This paper describes a number of concepts that will make process engineering calculations performed on spreadsheets more readable and less prone to error. It is assumed that the reader is familiar with spreadsheets and is already able to create moderately complex calculations. It is also assumed that the reader is familiar with process engineering concepts like material balances and unit operations.
The spreadsheet formulas and notations used throughout this paper are based on the Lotus 1-2-3 spreadsheet program. Most other spreadsheet packages will have similar functions and syntax. The reader is encouraged to consult the documentation for his particular software to determine the exact formula and syntax to use.
The layout and organization of a spreadsheet based calculation has a huge effect on its overall usefulness. Many people build spreadsheets with little care or attention to layouts and diagrams under the mistaken assumption that the layout does not affect the underlying numbers and formulas. Sadly, the humans using these calculations are simple-minded creatures and seemingly irrelevant things like layouts and diagrams do make a large difference to the comprehension of what is being communicated.
A calculation, computerized or otherwise, is really a piece of communication between two or more people. Many engineers are unaware that their scribbles and spreadsheets often need to be checked in the process of designing a facility, or that these documents may end up as evidence in court if something goes wrong. This is the key reason why readability and transparency of methods used in a calculation are absolutely critical to the success of a calculation in effectively communicating to other engineers the true intentions and conclusions of the author.

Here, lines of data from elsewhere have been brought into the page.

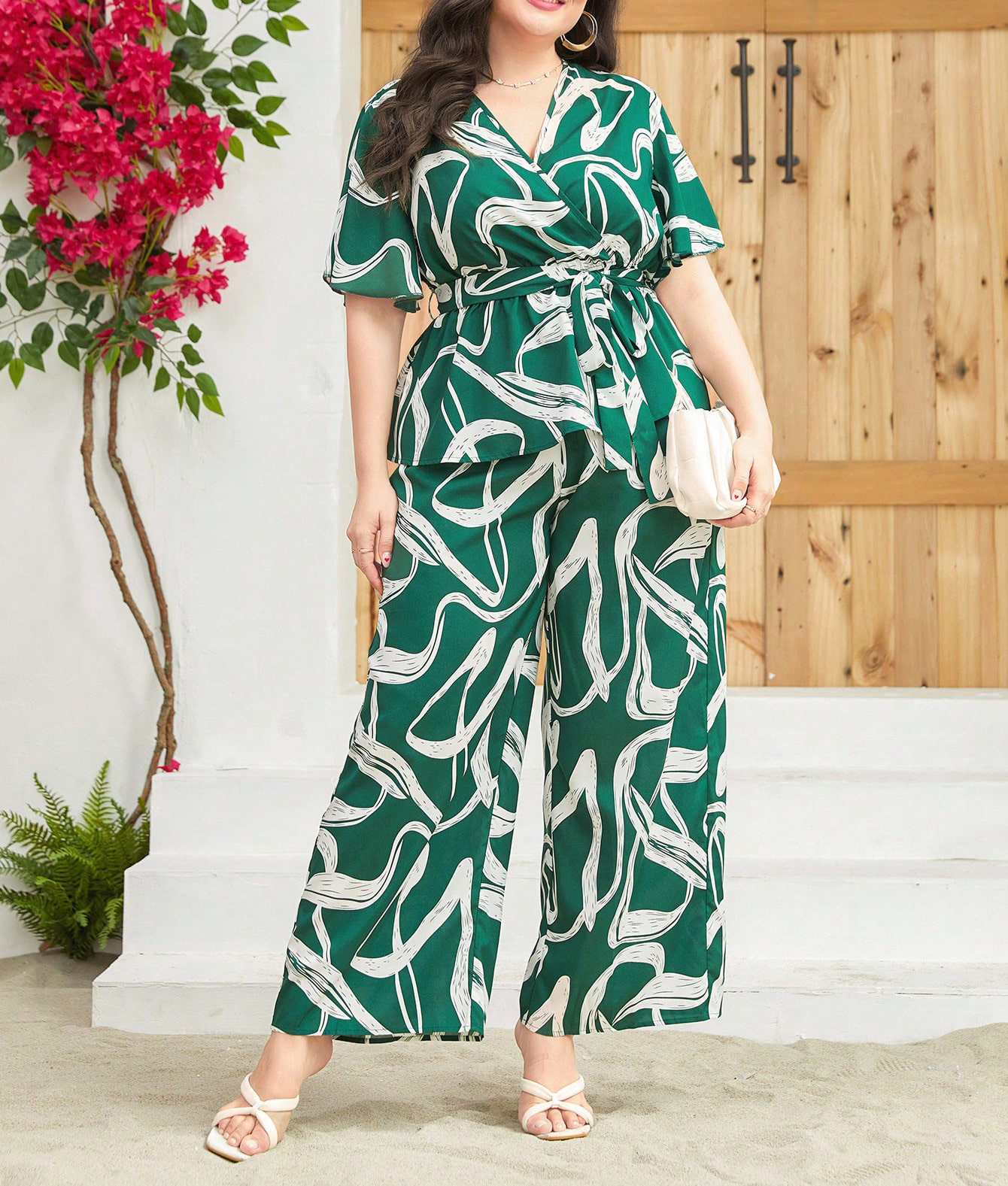 Spring Summer Sexy Bow Socialite Lace up Straight Loose High Waist Jumpsuit
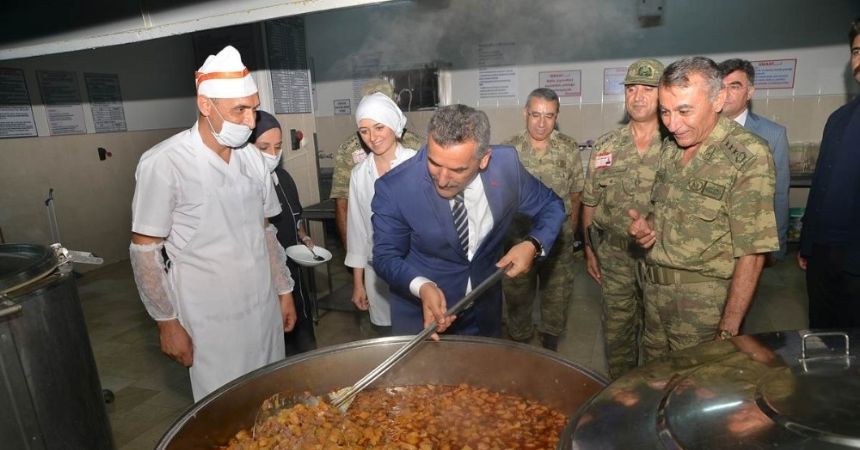 Yemekhaneyi ve soğuk hava deposunu gezen ve burada incelemelerde bulunan Vali Osman Kaymak yaptığı açıklamasında, “Sahra Sıhhiye Okulu ve Eğitim Merkezi Komutanlığını bugün ziyarete gelerek, burayı gezme fırsatı bulduk. Askerlerimizin yemeklerinin hazırlandığı yemekhaneyi ve soğuk hava deposunu da komutanlarımızla birlikte gezerek incelemelerde bulunduk. Yemeklerin kurallara uygun, temiz ve hijyenik bir ortamda yapıldığını gördük. Yemekhanenin fiziki alt yapısının güzel bir şekilde hazırlandığını gördük. Askerlerimizin yemeklerinin hazırlandığı yemekhane güven veriyor. Askerlerimizin sağlığı ve güvenliği bizim için çok önemli ve çok değerli. Askerlerimiz vatan savunmasında, canlarını bu bayrak, bu vatan, bu sancak ve bu millet uğruna seve seve veriyorlar. Bu vesileyle bütün şehitlerimize Allah’tan rahmet ve gazilerimize de uzun ömürler diliyorum. Bizler de askerlerimizi gözlerimiz gibi koruyacağız, kollayacağız ve onlara bakacağız” diye konuştu.
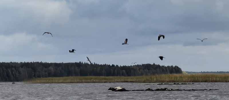Туристка насчитала 30 серых цапель в Водлозерье.
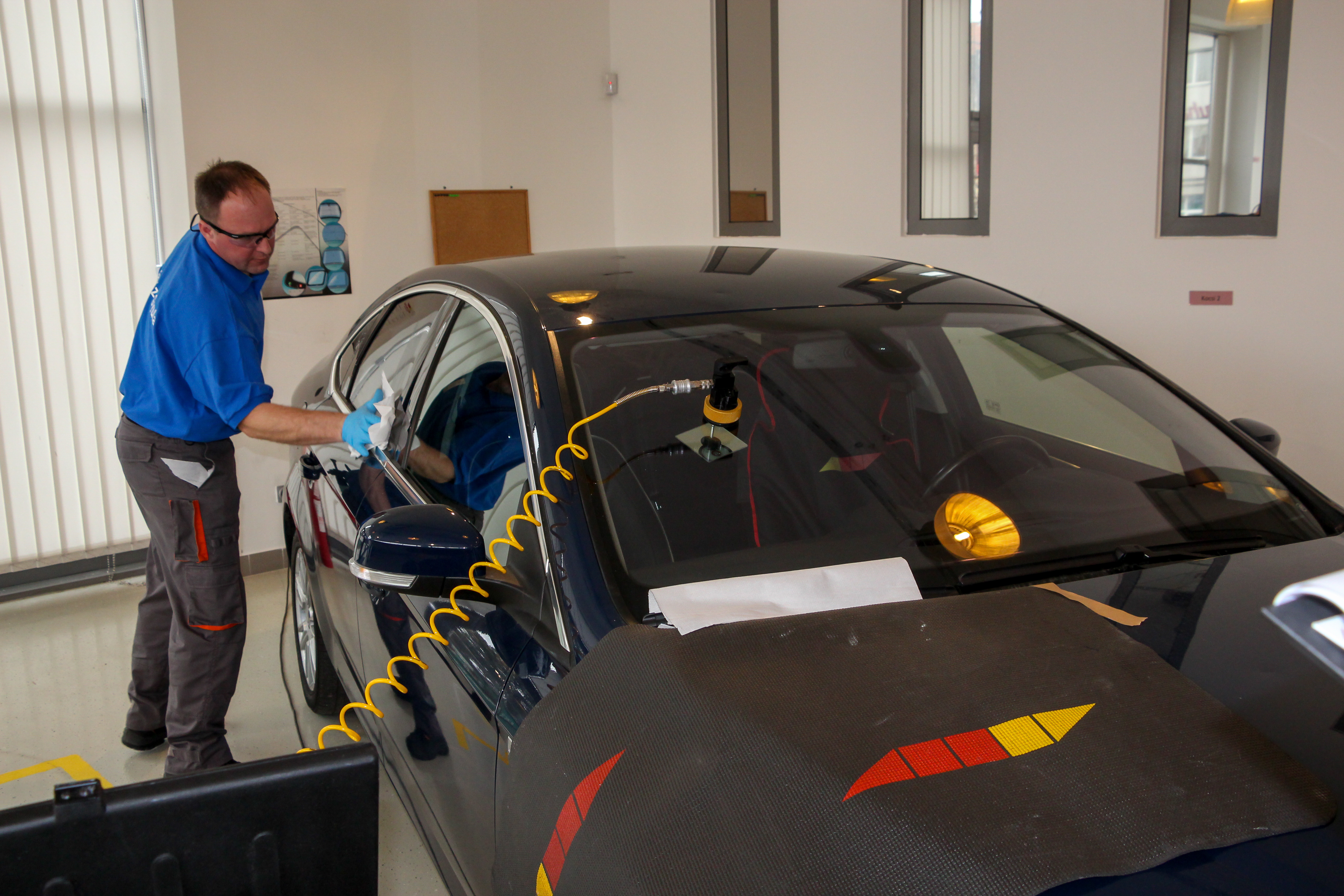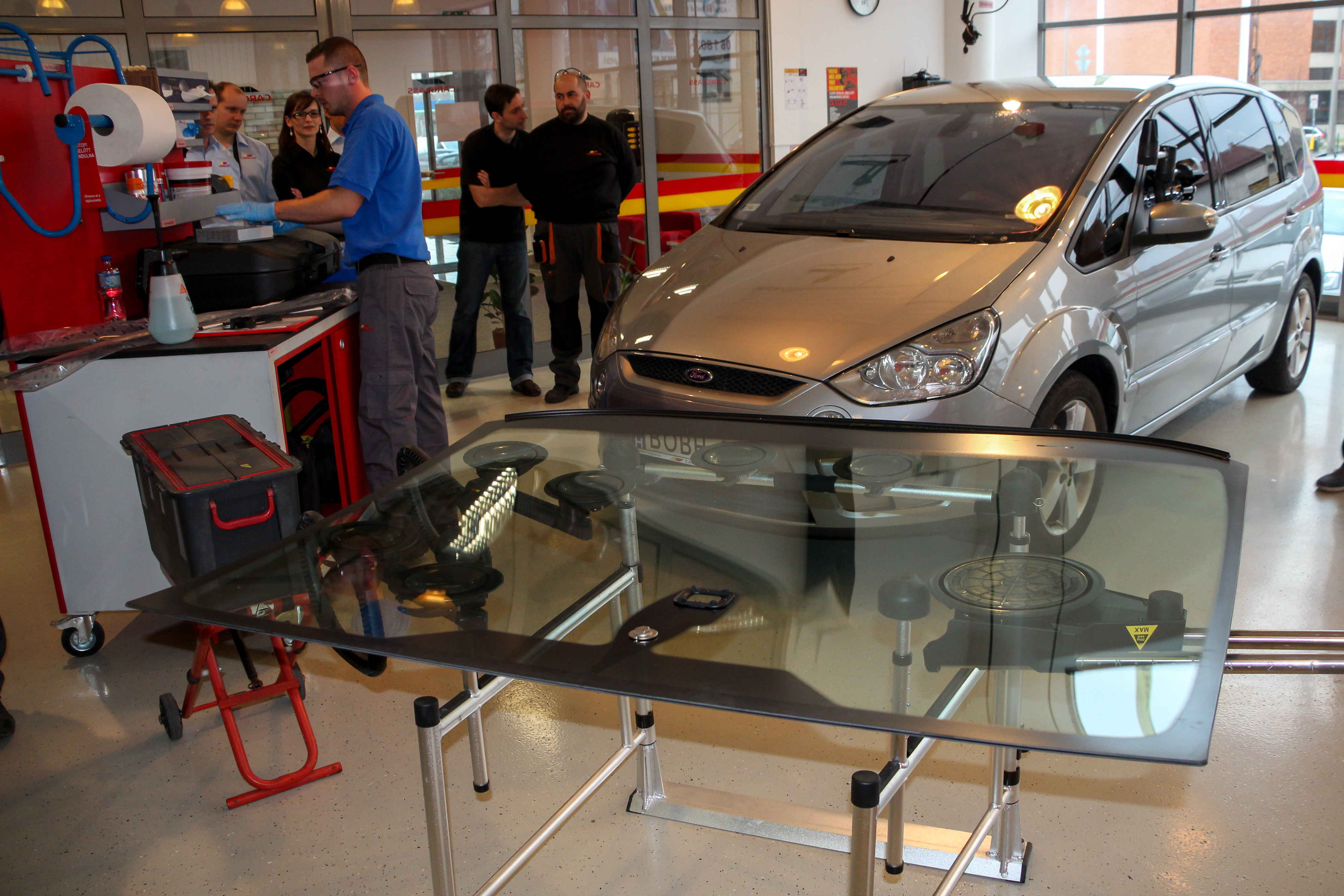 Bravúros, de a Carglass eszközeivel akár a képen látható Ford S-MAX hatalmas szélvédője is egyetlen ember által cserélhető. Az oldalablakokra tett tappancsokkal hajtható helyére az új, már ragasztóval bekent üveg. A karosszériára egy aktivátor anyag kerül, szükség esetén rozsdamentesítés és festés is szükséges lehet
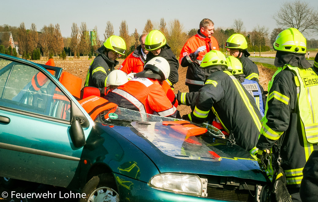 Die Feuerwehren Lohne und Brockdorf rückten mit sieben Fahrzeugen und rund 50 Einsatzkräften an und befreiten die Frau aus ihrem Wrack.
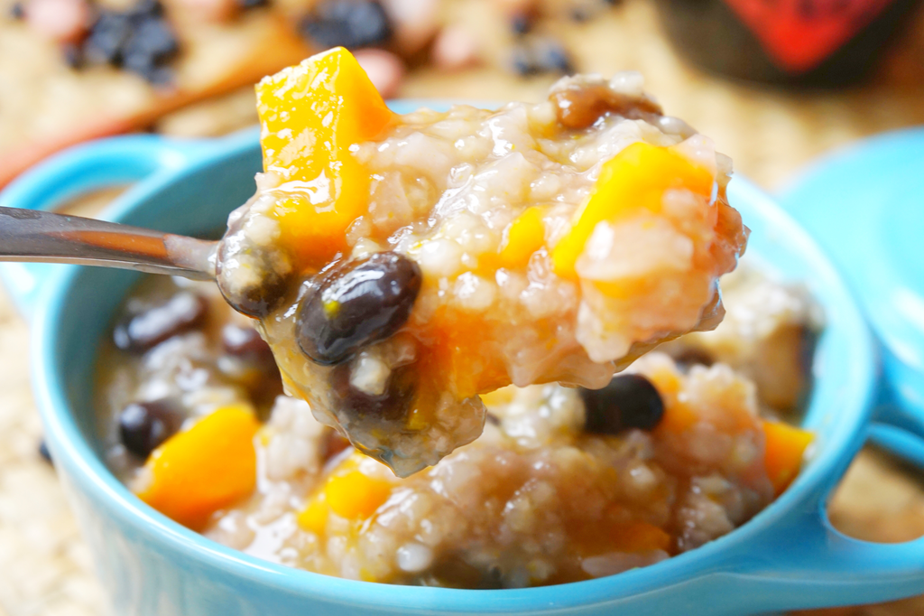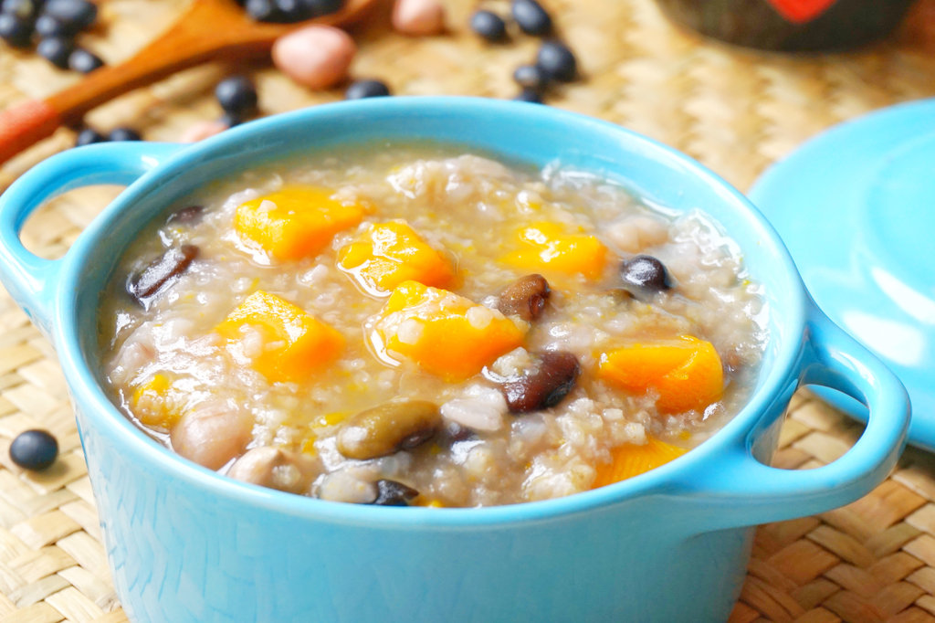 食材用到了南瓜,黑豆,糯米,大米,小米,花生,都是比较常见的食材,而且价格也非常便宜,南瓜是这个季节应季的食材之一,南瓜具有保护胃黏膜帮助消化的作用,尤其是南瓜中果胶的含量非常丰富,它能够避免粗糙的食物刺激肠胃,能够促进胃肠溃疡的愈合,有胃肠疾病的人应该多吃南瓜,南瓜也能够促进胆汁的分泌增加胃动力,帮助消化。
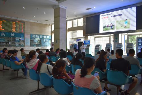 门诊大厅宣传爱眼知识,给候诊患者送来夏日的一份清凉。(眼视光中心:张兰艳)
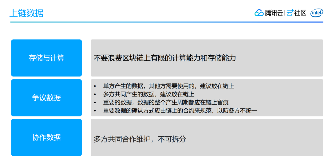 另外对于有争议数据,比如是你单方产生的数据,但是其他方要使用,这时候建议上链;还有多方共同产生的数据,也建议放在链上;对于重要的数据,数据的整个生命周期都应在链上留痕;第三个是多方共同维护的不可拆分的数据也建议上链。

Laying out the spreadsheet in a simple, step by step fashion will make obvious what was intended and often assists determining when something is wrong. Printouts of spreadsheet calculations must also be laid out so that another reasonably capable engineer can understand the methods of the calculation and perform manual checks without having the digital spreadsheet file. Spreadsheet calcs should contain all the elements of hand calcs including, where reasonable, the gradual reduction of a complex expression into a simpler one.
Spreadsheets that are laid out poorly can obscure small errors. For example, if a cell contains three operations nested together, then all the user will see on the print-out is a single value.
In this example, the 0.15 represents an interest rate; but because the rate is hidden inside the formula, it is not possible for the users to externally confirm what rate was used.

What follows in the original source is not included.